A mine plow (plough in British English) is a device designed to clear a lane through a minefield, allowing other vehicles to follow. A mine plow is typically mounted to a tank or military engineering vehicle. Buried land mines are plowed up and pushed outside the tank's track path or tipped over. Since modern anti-tank mines rely on a focused explosion to destroy armored vehicles, they are useless when turned upside-down; as the tank runs over the mine, it will expend its blast down instead of upwards, causing insignificant damage, if any.
Towards the end of the First World War, the French mounted a plow on their Renault FT tank.
The British started work on plow designs in 1937, and a successful design was introduced for the Matilda Mk I tank though it was not used.
The first recorded combat use is by a "Bullshorn" plow on a Churchill tank of the British 79th Armoured Division, on Sword Beach during the Allied invasion of Normandy (this was one of "Hobart's Funnies" specialized vehicles).
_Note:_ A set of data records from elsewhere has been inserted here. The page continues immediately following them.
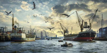 A bustling harbor with large ships, cranes loading cargo, and seagulls flying overhead. The industrial and maritime scene evokes a sense of energy and movement.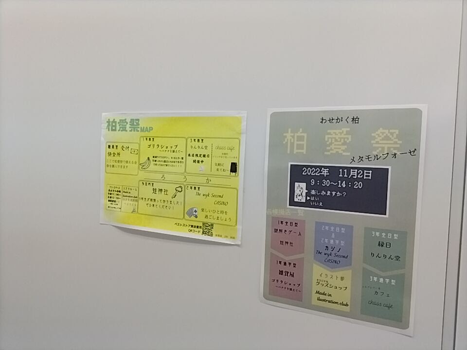 教室や廊下にいたるところに、柏愛祭のチラシが・・・。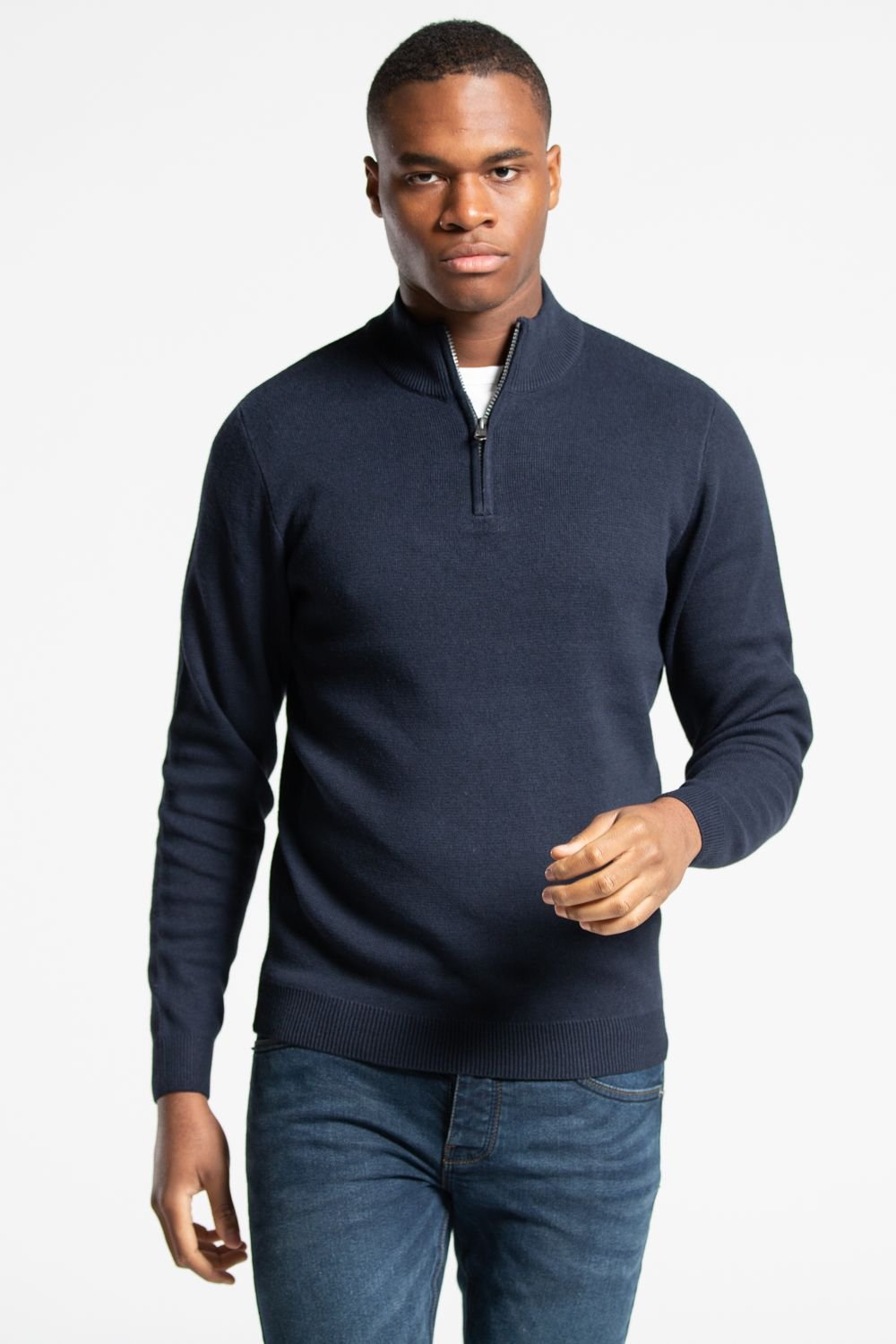 Stylish Navy jumper from Tokyo Laundry made from a cotton blend fabric. Features a quarter zip and ribbed details for a comfortable fit. Ideal for casual and smart-casual occasions.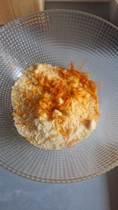 • Verser le mélange jaunes-sucre dans le saladier contenant la poudre d’amande et les agrumes.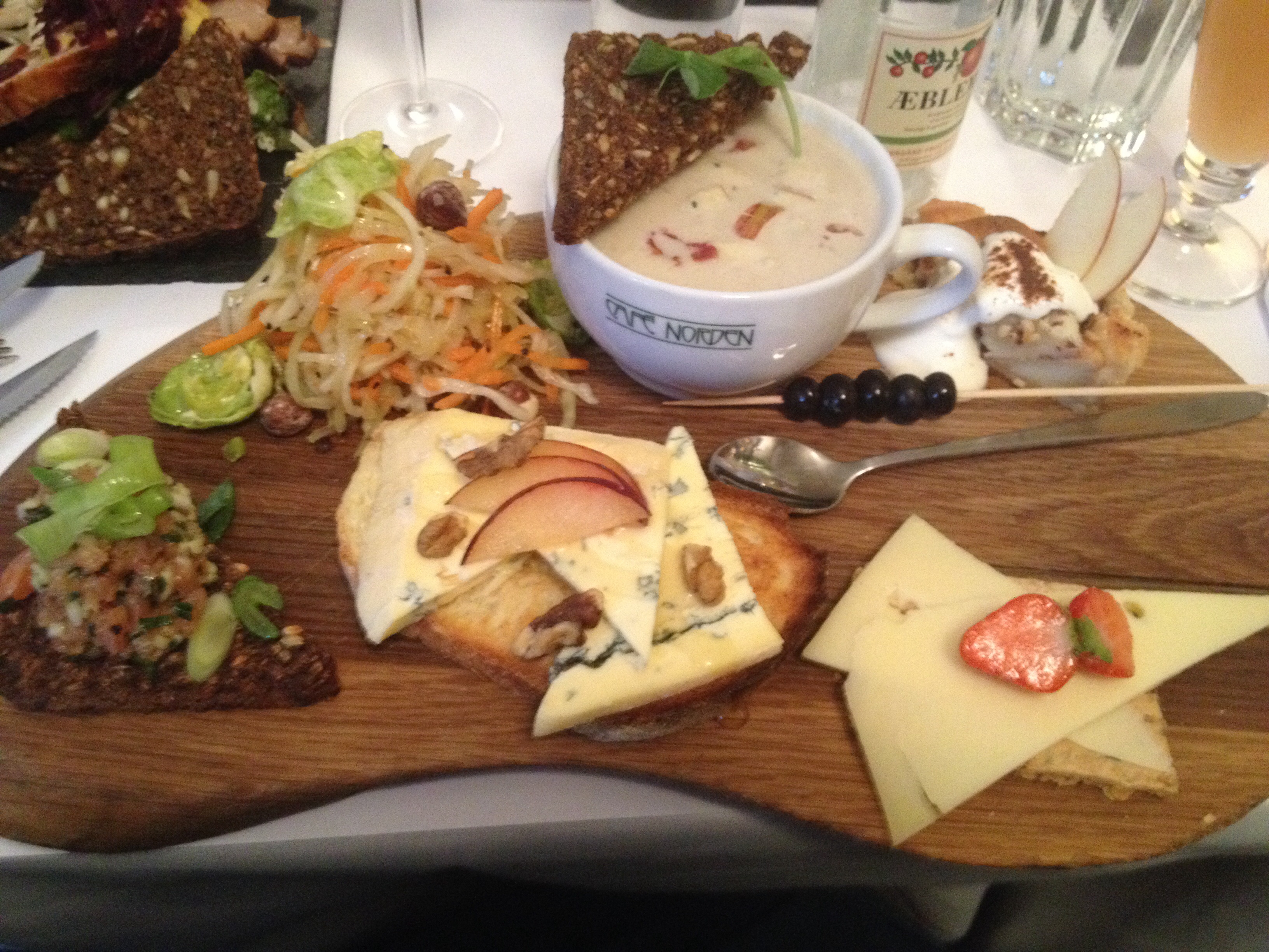 T tatt Sigrid kom etter oss andre med fly i dag, og møtte oss på julepynthandel på Royal Copenhagen. Ho hadde høyrt at dei hadde så fantastisk mat på Kafe Norden, så der bestemte me oss for å eta lunsj. Det skulle visa seg at me delte den ideen med veldig mange andre, så me stod lenge og venta i håp om å få eit bord. Til slutt lukkast det Anne Mette å få kapra eit til oss. Det viste seg at maten verkeleg var heilt usedvanleg god. Det de ser på biletet er min lunsj, nordisk tapas. Den bestod av ei heilt nydeleg jordskokksuppe med to baconterningar, dansk rugbrød med laksetartar, veldig god med masse smak, kålsalat med rista pinjekjerner, rista loff med mild blåmuggost, valnøtter og honning, hjemmebakt knekkebrød med brie og jordbær og til slutt lun eplekake med krem.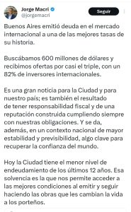 El jefe de Gobierno porteño, Jorge Macri, afirmó que la Ciudad de Buenos Aires logró una de las mejores tasas de su historia en la reciente colocación de deuda en el mercado internacional. Según informó, la administración buscaba financiarse por USD 600 millones, pero recibió ofertas por casi el triple, con una participación del 82% de inversores internacionales.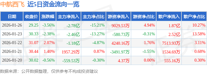 证券之星消息,截至2026年1月26日收盘,中航西飞(000768)报收于29.25元,下跌3.56%,换手率2.22%,成交量61.43万手,成交额18.26亿元。
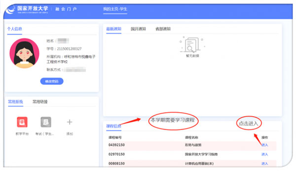 主要可以分为四个部分,它们分别是专业层次显示区、开放大学的重点通知、显示本学期所学课程、点击进入方可学习。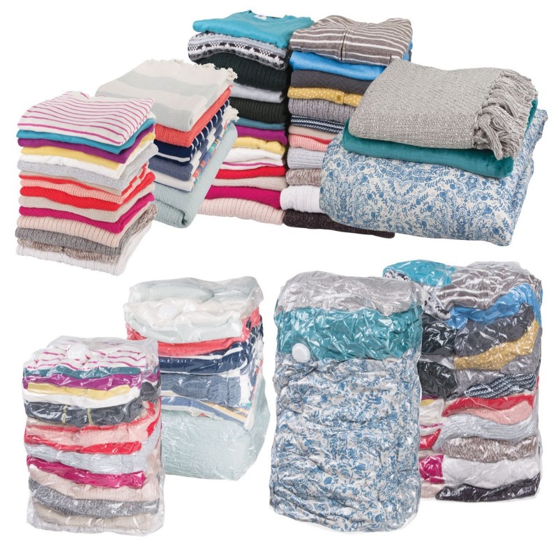 Вакуумные пакеты для хранения. Помогут вам сэкономить до 3-кратного объема пространства. Многоразовые, водонепроницаемые и герметичные пакеты максимизируют ваши возможности хранения при минимальном пространстве. Просто упакуйте вещи в пакет, застегните молнию и используйте пылесос, чтобы сжать его до удобного компактного размера, который вы можете хранить в шкафах, ящиках, под кроватями и многих других местах.
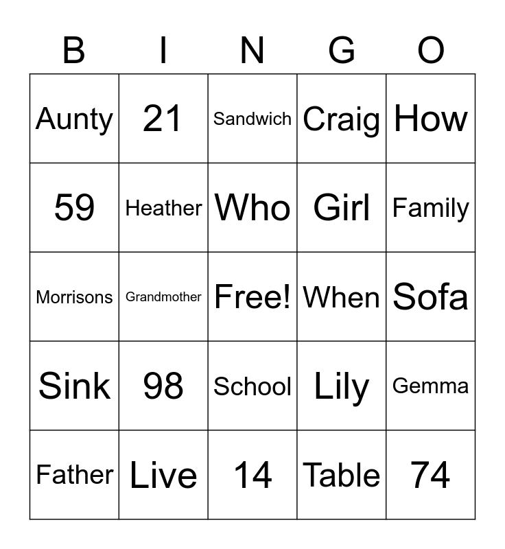 This bingo card has a free space and 51 words: 74 56 14 98 100 21 83 59 Sophie Heather Craig Gemma Lily What Where Who When Why How Grandmother Table Aunty Girl Son Sister Family Children Father Sandwich Brother Cupboard, 74, 56, 14, 98, 100, 21, 83, 59, Sophie, Heather, Craig, Gemma, Lily, What, Where, Who, When, Why, How, Grandmother, Table, Aunty, Girl, Son, Sister, Family, Children, Father, Sandwich, Brother, Cupboard, Deaf, Hearing, How old, Live, Name, How many, Born, Freezer, Sofa, Sink, Breakfast, Reading, Roundabout, Tesco, Morrisons, Abseiling, Tennis, School and Hospital.
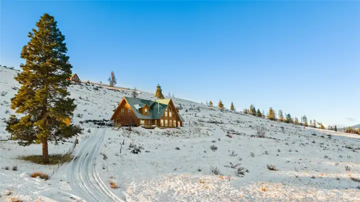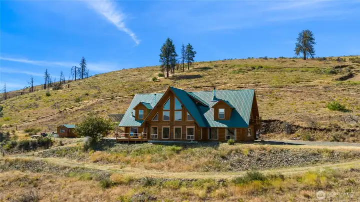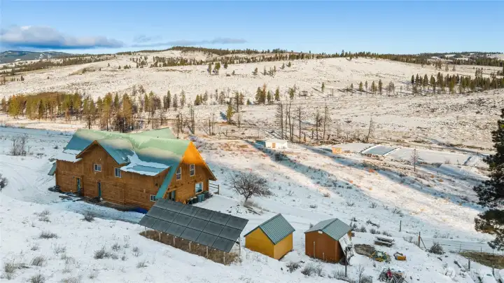 Incredible log home with sweeping views of rolling hills out of nearly every window. If you're looking for privacy and elbow room, you'll find it here, with more than 9 acres to play with. Soaring 25 ft ceilings, cozy fireplaces at every turn and a chef's dream kitchen. Two primary bedrooms and a large-sized guest room. Loft makes a perfect reading nook. Live off the grid in confidence with new solar panels and new generator and propane; well water with new pump. New metal roof. Starlink installed for HS internet. Tons of space for all your toys, RV parking, ATV's etc. Newly built horse stables and pen, plenty of space for a hobby farm, chickens and goats. Newly graded area, currently used as a horse arena in summer and ice rink in winter.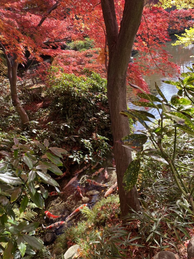特に秋に訪れると紅葉で真っ赤になったもみじが鯉の泳ぐ池に映るのが非常に美しいです。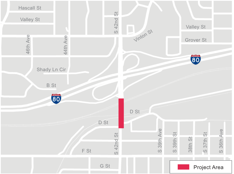 During construction, 42nd Street will be closed at D Street and immediately south of the I-80 off ramp. A detour will be provided for traffic using 42nd Street south of “D” Street. The multi-use trail under the “D” Street bridge will remain open except for periodic closures during specific construction activities where the safe use of the trail cannot be maintained.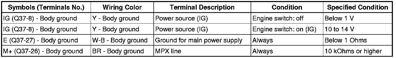 If the result is not as specified, there may be a malfunction on the wire harness side.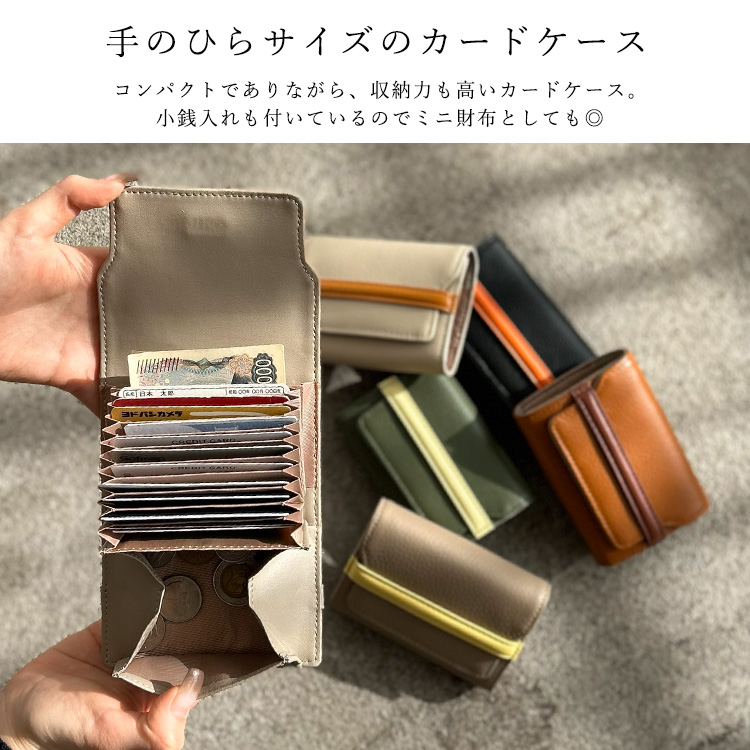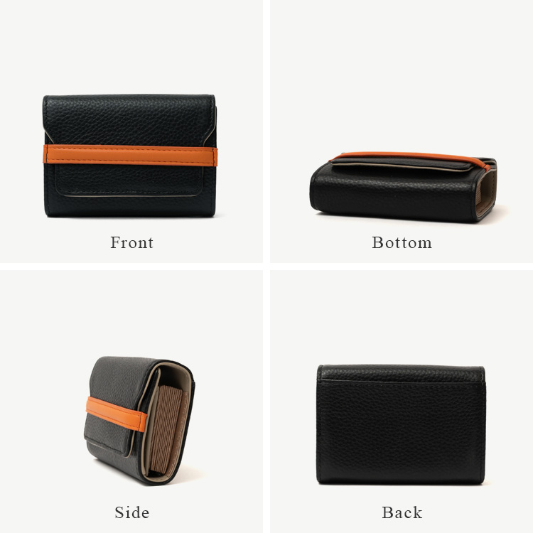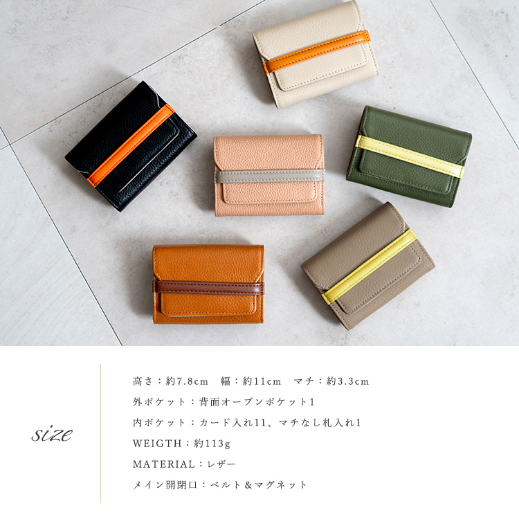 | サイズ | ●SIZE:縦:約7.8cm 横:約11cm 厚み:約3.3cm ●外ポケット:背面オープンポケット1 ●内ポケット:カード入れ11、小銭入れ1、マチなし札入れ1 ●重さ:約113g ●素材:本革(牛革) ●メイン開閉口はベルト&マグネットになっております。 |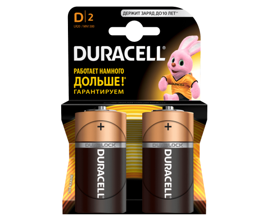 Алкалиновая (щелочная) батарейка типа LR20 / D / MN1300. Благодаря особой технологии Duralock неиспользованные батарейки Duracell могут сохранять заряд до 10 лет при хранении в обычных условиях. С этими батарейками Вы можете полностью положиться на свое устройство.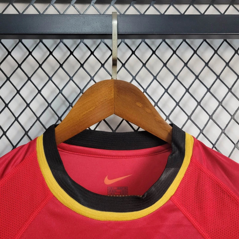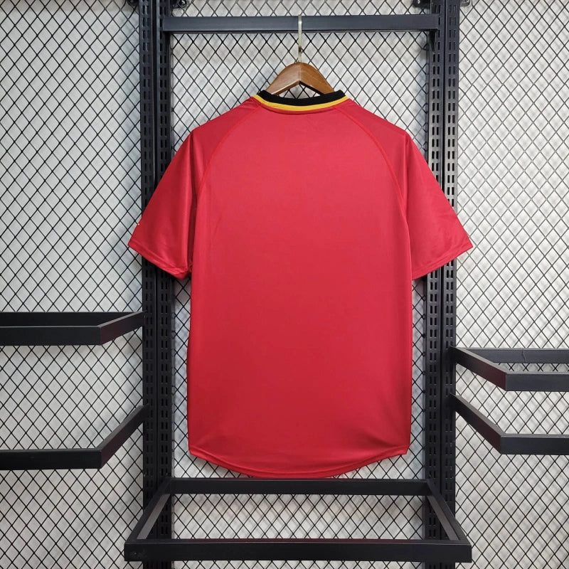 Belgian kotipaita vuodelta 2000. Klassinen punainen väri, keltaiset yksityiskohdat ja legendaarinen vaakuna. Retrotyylinen ja urheilullinen eleganssi – täydellinen valinta Red Devils -joukkueen keräilijöille ja faneille.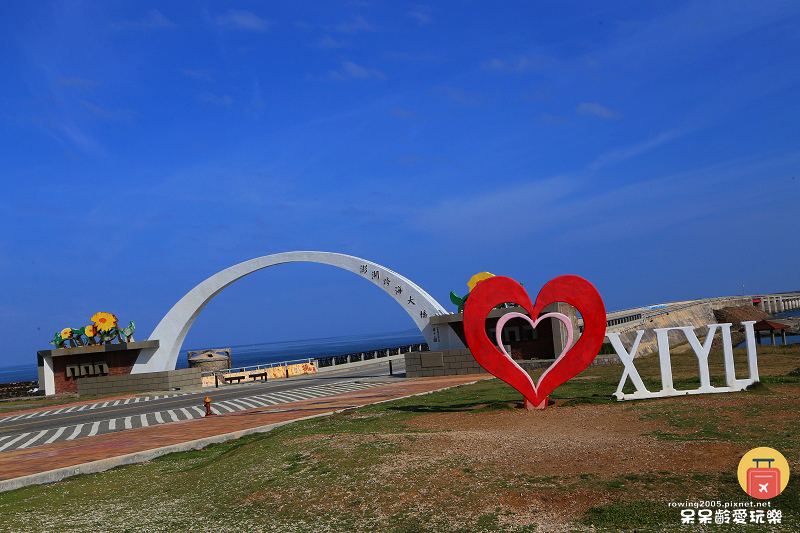 跨海大橋可是遊澎湖必打卡點之一,記得靠近西嶼這側有心型可愛的裝置藝術喔,藍天拍起來更加醒目呢。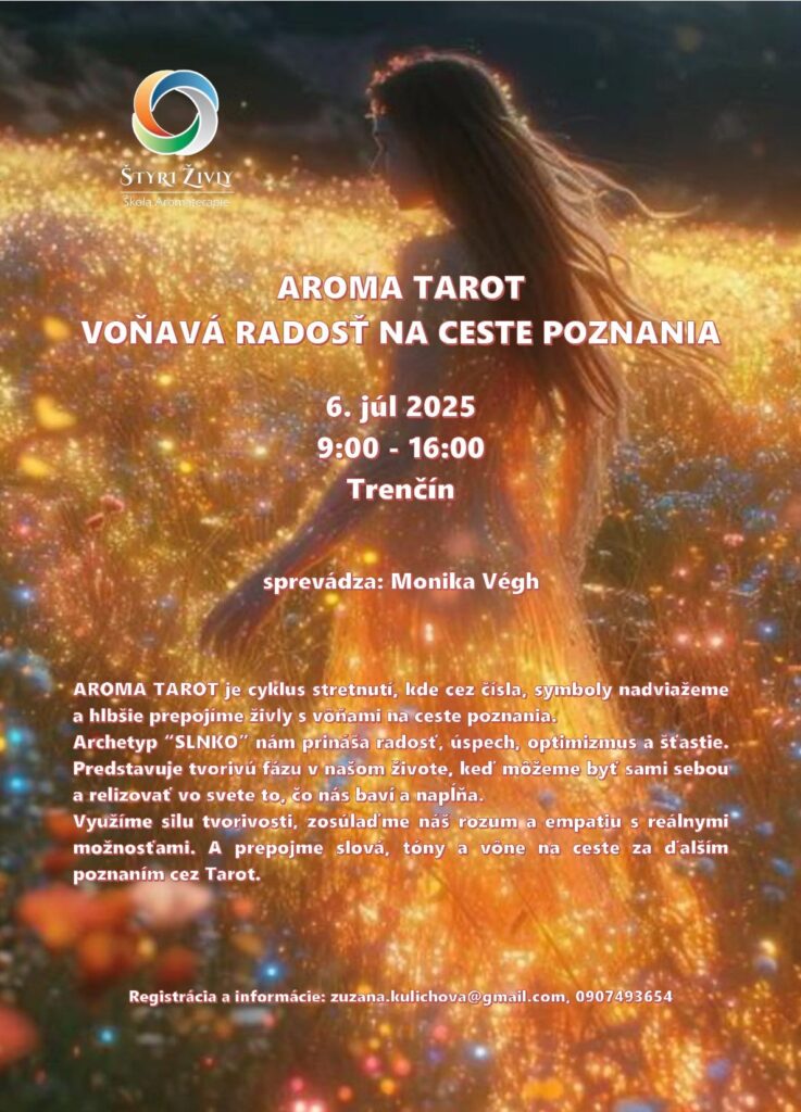 Commenting is Disabled on Škola aromaterapie štyri živly: AROMA TAROT 20. Radosť 06.07.2025 Trenčín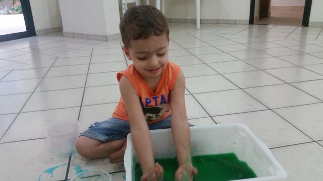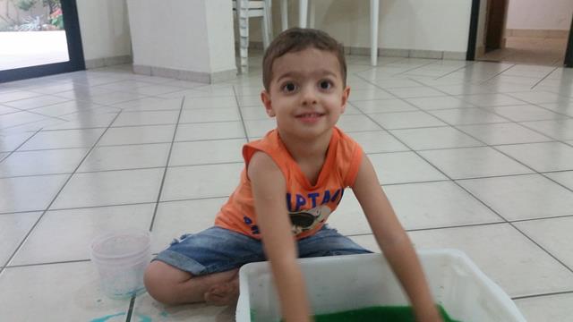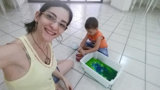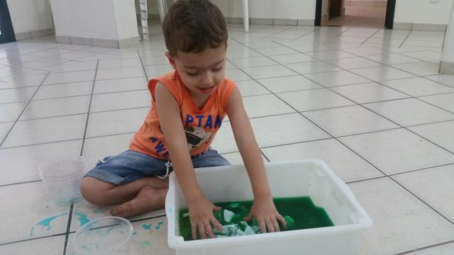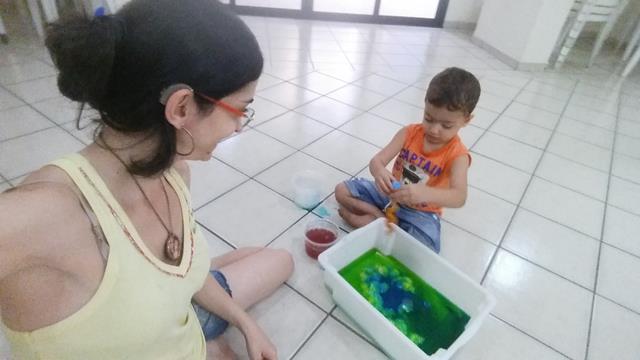 Filho, vamos colorir um pouco esse camaleão usando conta-gotas?

The "Bullshorn" was one of a number of plow designs which were tested and used by the British Army.
The mine plow is still in use by many combat engineering units. The Royal Engineers have deployed the Trojan to Afghanistan where it was usually fitted with a plow on the front, which enables it to clear mines, either detonating them on contact, or pushing them out of the way to clear a safe channel for following vehicles.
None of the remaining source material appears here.